The reason we switched the position of $\lambda$ and $\frac{1}{2\pi\lambda^2}$ is so we can massage the integral to be the form of the gaussian PDF, which we know integrates to 1. Now, with the equation simplified, we can solve for $\lambda$ in terms of $\sigma^2$.

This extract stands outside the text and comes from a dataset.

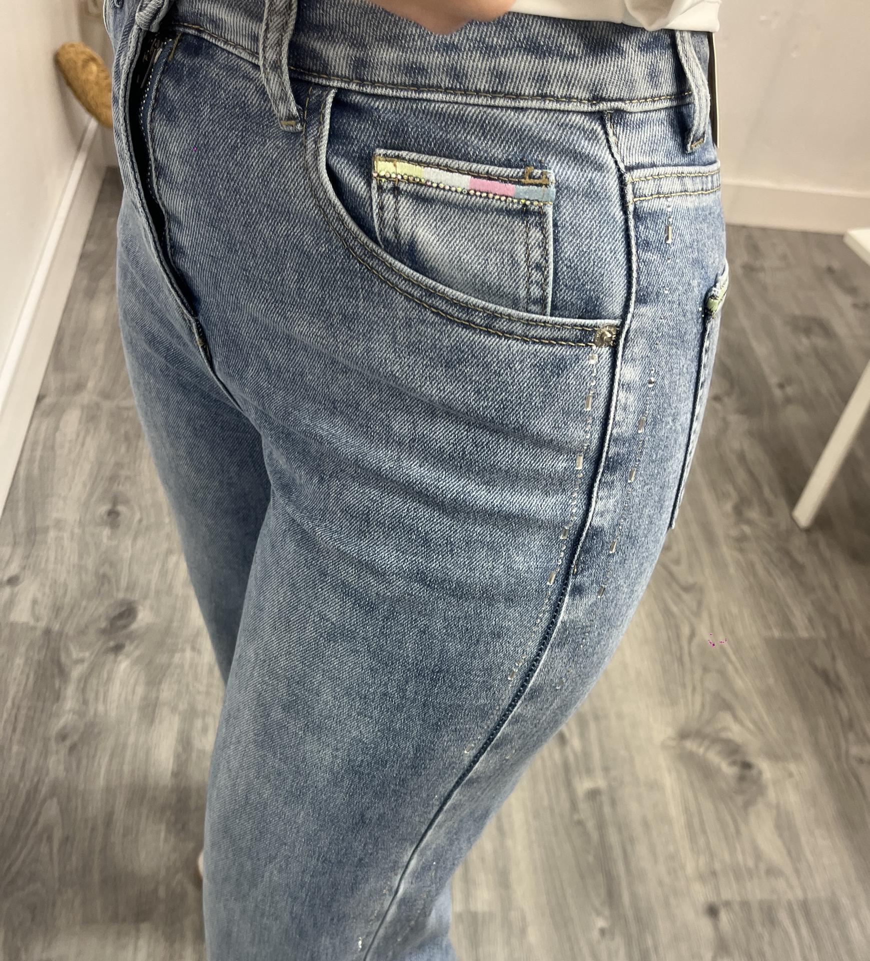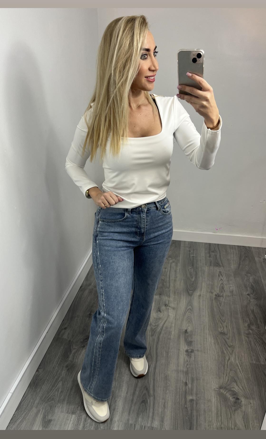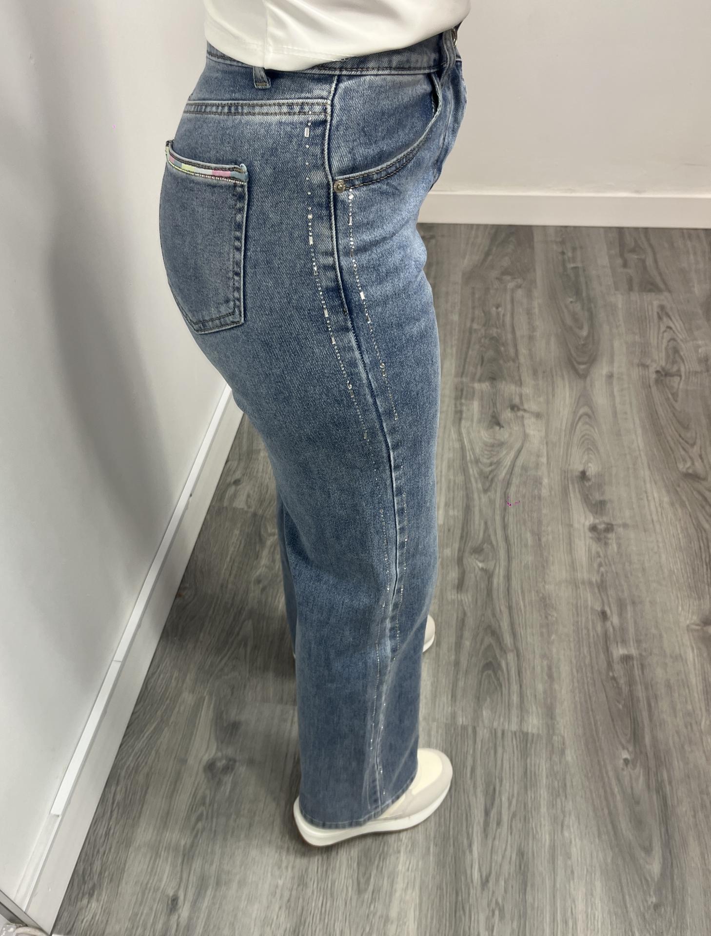 Jeans anchos de tendencia con detalle lateral brillante que aporta un toque especial al look.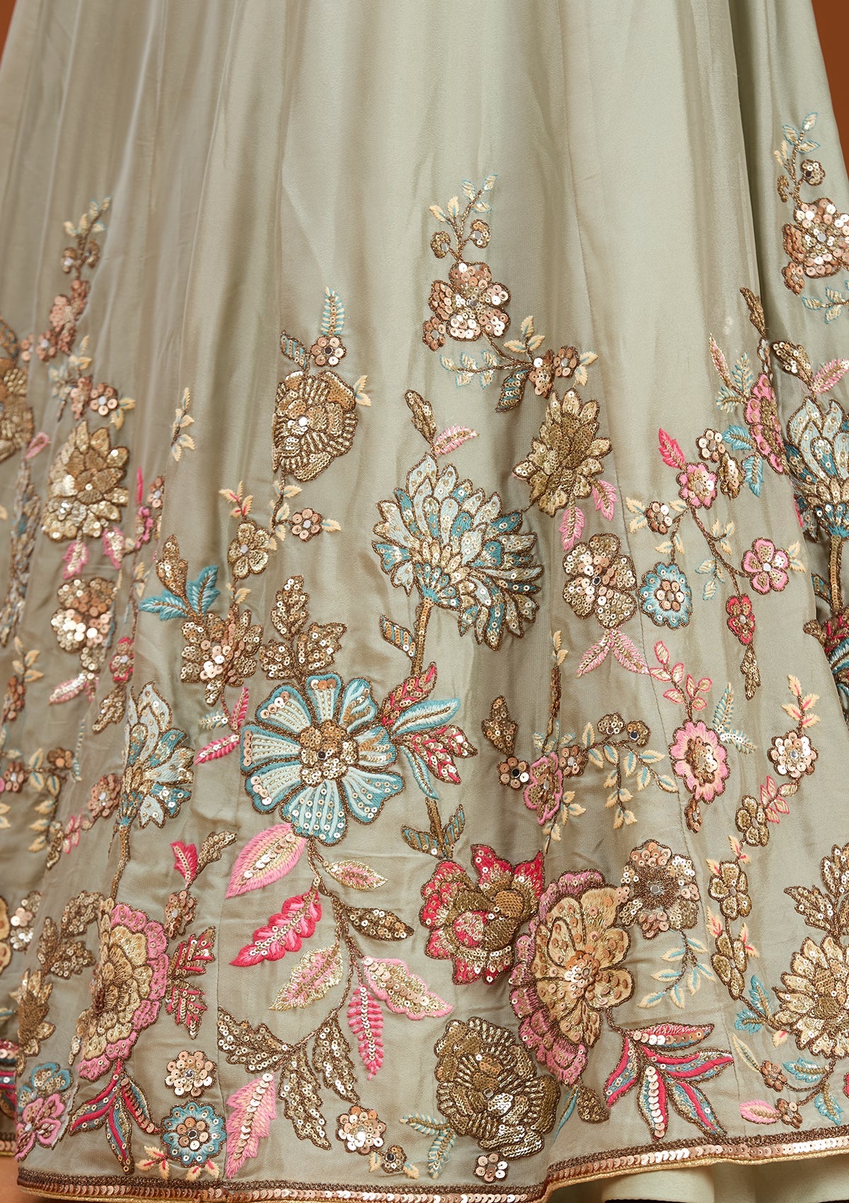 Pista Green Readymade Lehenga in Georgette fabric. The Lehenga is embellished with Threadwork embroidery. Accompanied with an Readymade blouse and dupatta. Comes with the Koskii promise of premium quality.

$$ \begin{aligned} \sigma^2 &= \frac{1}{2\pi\lambda^2}\\
\lambda^2 &= \frac{1}{\sigma^2 2\pi}\\
\lambda &= \frac{1}{\sqrt{2\pi\sigma^2}} \end{aligned} $$

$\lambda$ and $\sigma$ are inversely proportional, as expected. We can plug in our result here back into Eq 7:

$$ \begin{align} \tag{8} f(x) &= \frac{1}{\sqrt{2\pi\sigma^2}}e^{-\pi \left(\frac{1}{(\sqrt{2\pi\sigma^2})^2}\right)x^2} \\
&= \frac{1}{\sqrt{2\pi\sigma^2}}e^{-\frac{x^2}{2\sigma^2}}\nonumber \end{align} $$

We are almost done. The above equation has mean $\mu = 0$, but if we want to represent $f(x|\mu, \sigma^2)$, we need to add in $f(x-\mu)$. Therefore, our general PDF equation for the normal distribution is:

$$ \begin{align} \tag{9} f(x | \mu, \sigma^2) = \frac{1}{\sqrt{2\pi \sigma^2}}e^{-\frac{(x-\mu)^2}{2\sigma^2}} \end{align} $$

Eq 9 matches Eq 1, and we are now done $\blacksquare$